Мальчик от радости светился, словно бы тихое сияние от него шло. Сказал умиротворенным шепотом: “Какой же Господь милостивый, хоть немножко дозволил за Себя потерпеть”.
После случая в цеху произошло нечто для них непонятное. Шла всесоюзная перепись. Братьям “переписываться” даже и не предложили: знало начальство, что ни на какие вопросы отвечать они не станут. Потому что ответы в бумагу советскую заносятся. А на бумаге той — печать Зверя.
Вызывают обоих: “С вещами!” Ребята собираются для карцера: думают, по пятнадцать отсидеть надобно, за отказ от участия в переписи.
“Все вещи берите!” Провожают к лагерным воротам, открывают: “Убирайтесь отсюда!”
Процедура прошла без излишних формальностей, справки об освобождении братьям и предлагать не стали. Все равно перекрестят и разорвут в клочья: печать Зверя на них.
А перед этим мы о выбитом глазе узнали, подняли шум. Ситуация “новому мышлению” несколько противоречила, вот и пришлось перестройщикам братьев выпускать.
Но им-то и в голову не приходило, что где-то о них шумят. Да и зачем им была наша помощь, если с ними все время Господь был?
Встречаю я порою таких людей. Неверно было бы думать, что вовсе перевелись они на Руси. Только народ они по большей части бесписьменный: школ не кончали, книг, кроме Слова Божия, в руки не берут.
…Так что же все-таки должен я делать — с истинами, не по заслугам открывшимися мне? Высокомерно молчать: происходящее вокруг просто вне христианства, а об истинах лучше меня сказано не раз?
Пусть читатель простит мою бесстильность. Искать плавные переходы от бессвязных заметок о встреченном и увиденном к главным словам — об обретенном в тюрьме — такая задача мне не по плечу…
II
И познаете истину, и истина сделает вас свободными.
Евангелие от Иоанна. 8: 32.
Действительно ли заключение в тюрьму — катастрофа? Катастрофой обычно называют трагическую случайность, то, чего могло и не быть. Но случайных арестов мне известно немного. Большинство политзаключенных заранее знали, что, скорее всего, будут арестованы. Точнее, при минимально трезвом анализе это легко можно было предположить.
Психологические механизмы самообмана здесь рассматривать не место. Обреченный на смерть вследствие неизлечимой болезни подчас обманывает себя до последней минуты. Однако его трагическая кончина не приобретает от этого взрывного характера.
Но есть ли что-нибудь трагическое в переходе по другую сторону решетки? Тюремная жизнь окружена в глазах многих людей прямо-таки мистическим ореолом.

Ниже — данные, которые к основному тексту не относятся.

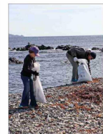
Más de 9 toneladas de basura fueron retiradas desde Chañaral de Acetum, en Atacama, caleta de interés turístico por ser uno de los principales puntos de avistamiento de ballenas del país. | C 10

Laguna de Aculeo presenta importante recuperación Luego de los sistemas frontales en la zona centro sur, las precipitaciones acumuladas han logrado revivir lagunas y embalses desaparecidos por la sequía. Entre ellas la laguna de Aculeo, en Paine, que presenta actualmente cerca de un 60% de su capacidad total. Ello ha provocado también la reaparición de las aves y otra fauna del sector. De todas formas, expertos advierten que, por su dependencia de las lluvias, podría volver a secarse. | C 11
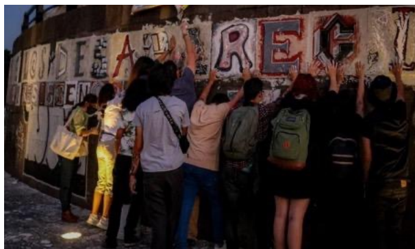
Figura 17. «Glorieta de L@s Desaparecidos» y «Búsqueda y Resistencia»

Nota. Colocación de losetas el 19 de marzo de 2021 con la información de desaparecidos en el marco del tercer aniversario de la desaparición de Marco, Daniel y Salomón, estudiantes del CAAV, y César, estudiante de la Universidad de Guadalajara.
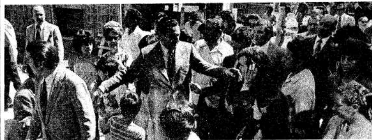
Mientras recorre la obra, el intendente atiende las inquietudes de los vecinos.

El intendente municipal, general (R.E.) José Embrioni, visitó en la mañana de ayer la obra en construcción del barrio que radiará a los habitantes de la Villa de Emergencia N° 7, de Bragado y Tellier. Los departamentos se construyen frente a la manzana donde está ubicada actualmente la villa y han revolucionado el concepto de vivienda digna y los planes de financiación de la Comisión Municipal de la Vivienda.
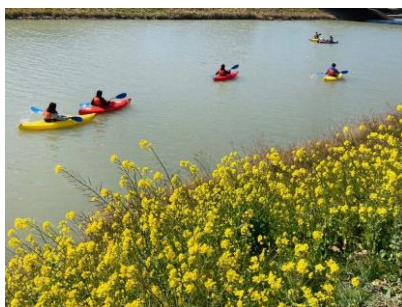
▲満開のなの花を背にカヌー乗船を楽しみました
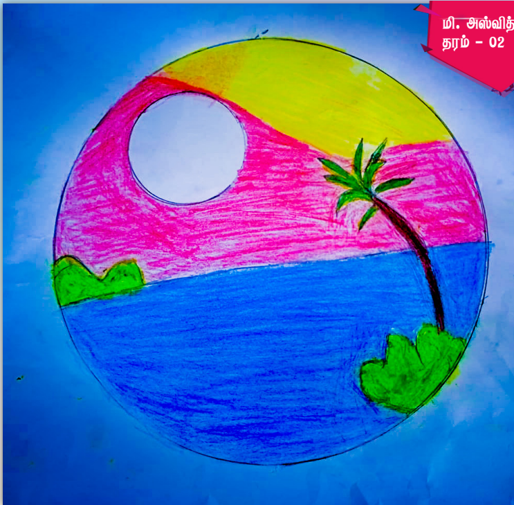
மி. அஸ்வித் தரம் - 02
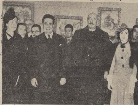
El Embajador del Perú, Excmo. señor Rafael Belaúnde, y otros invitados a la inauguración de la exposición del pintor peruano Teófilo Allain, efectuada ayer en la sala del Banco de Chile.

Bellas Artes Teófilo Allain, inauguró ayer.
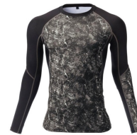
模様がある。単色ではない。
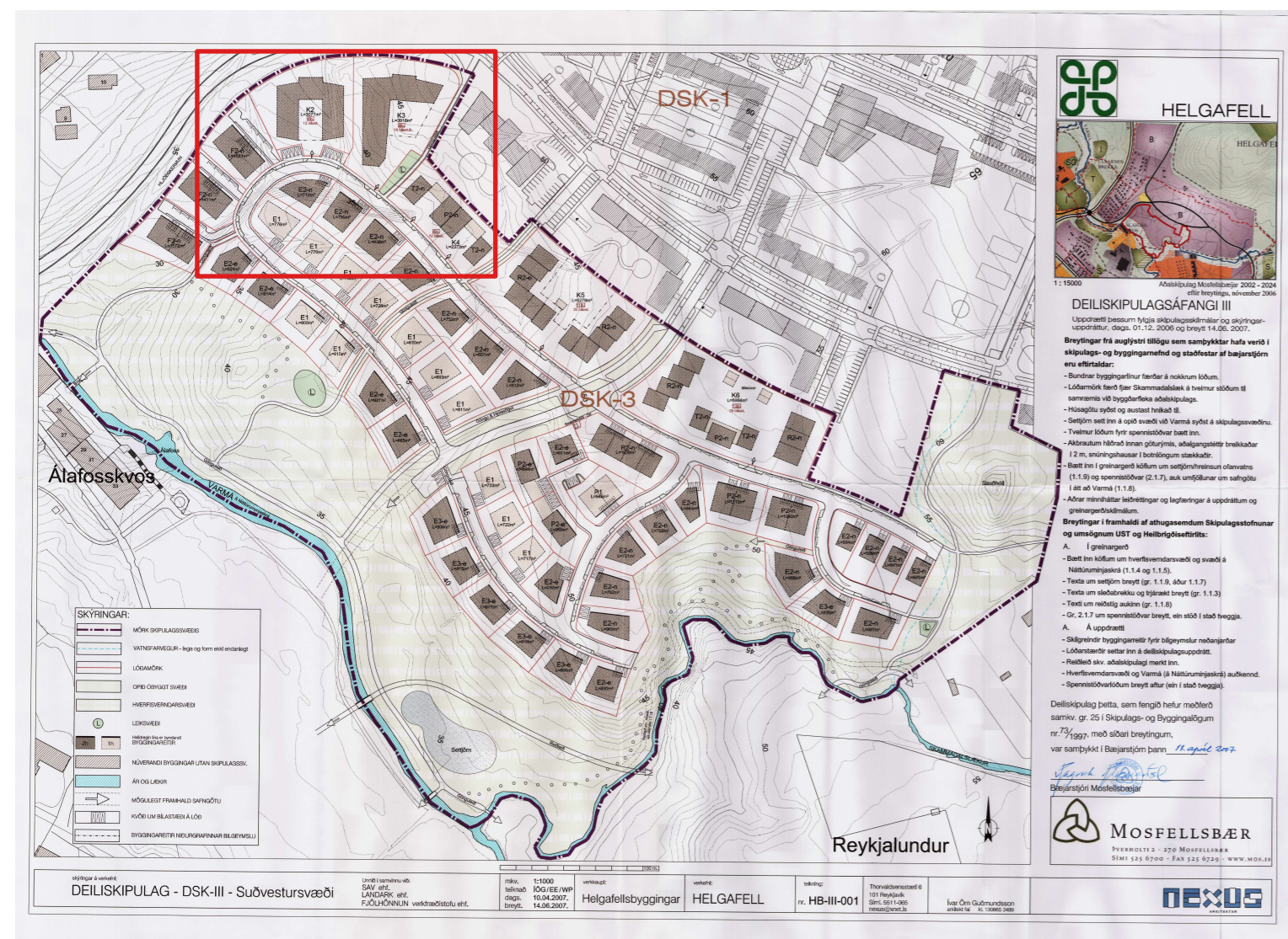
Deiliskipulag Helgafellshverfis, 3. áfangi,
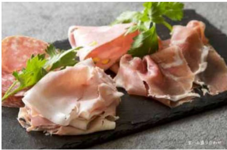
生ハム盛り合わせ
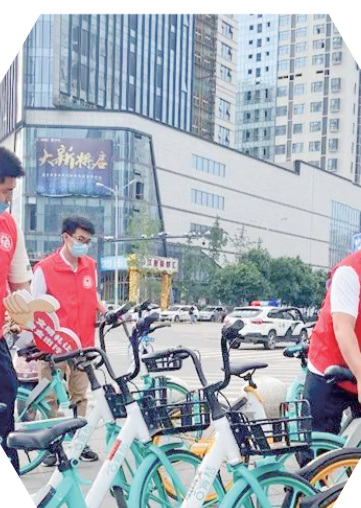
▲ 工作人员治理共享单车乱停放现象

一年来,洋东新城高标准开展城市环境整治工作,全年共出动水车作业2万余趟次,先后开展大冲洗活动100余次,“道路冲洗+机械化洗扫”已成常态。同时,通过开展捡拾烟头、垃圾,清理道路抛洒等行动,推动城市保

Эта мистика остается мне столь же непонятной, как и до ареста. Под следствием моими сменяющимися соседями бывали, как правило, сидящие не в первый раз валютчики. Все они пугали меня предстоящими ужасами; было видно, что это делается не только по заданию. Я спрашивал, что же все-таки мне конкретно предстоит ррр-рокового; ведь вот я уже и так сижу. В ответ слышал: “Через год тебя эти самые стены давить начнут”. Или еще что-нибудь, вызывающее уважение своей непонятностью. На карцерно-тюремном режиме я провел пять лет; кончалось мое заключение опять в Лефортове. Стены, как и в первый год, были под прямыми углами.
Вред, причиняемый “парашами” (ложными слухами), накручиваемыми вокруг тюремных параш, трудно оценить по достоинству. Понятны легенды, которыми овеяна тюрьма в глазах никогда не сидевших людей. Понятно, хоть и не вполне простительно, что мифы насаждаются и многими вышедшими. Но давайте вдумаемся в то, какой моральный климат всем этим создается.
Многое ли в действительности отнимает у нас тюрьма? Почти все. Но главное, остающееся после этого “почти”, всегда при нас, оно сияет невидимым на “свободе” внутренним светом. Тюремщики в силах лишить нас только того, что имеет материальное воплощение. Перед прочим они бессильны. Мы не можем ходить в церковь, читать святые книги, у нас отнимают даже нательный крест. Но главное, что объединяет весь христианский мир, — прямое чудо Божие, чистый феномен веры в Него. А присутствие Бога в тюрьме ощущаешь неизмеримо явственнее, чем в “вольной” суете. Главное в церковности, как мне кажется, — ощущение молитвенного единения с умершими и живыми. Я не могу вспоминать без боли сожаления о прошедшем — какую молитву посылал мне Господь в тюрьме. Как живы, как близки были там те, о ком я едва вспоминаю теперь в однообразии пестрой житейской сутолоки.
Конечно, вопрос о тюрьме в полном его объеме гораздо сложнее. По грехам нашим мы подвержены плотской слабости. В идеале всякий христианин должен мечтать быть закопанным заживо ради момента встречи с Богом. Но для того, чтобы искренне и до конца чувствовать так, надо быть Нилом Сорским.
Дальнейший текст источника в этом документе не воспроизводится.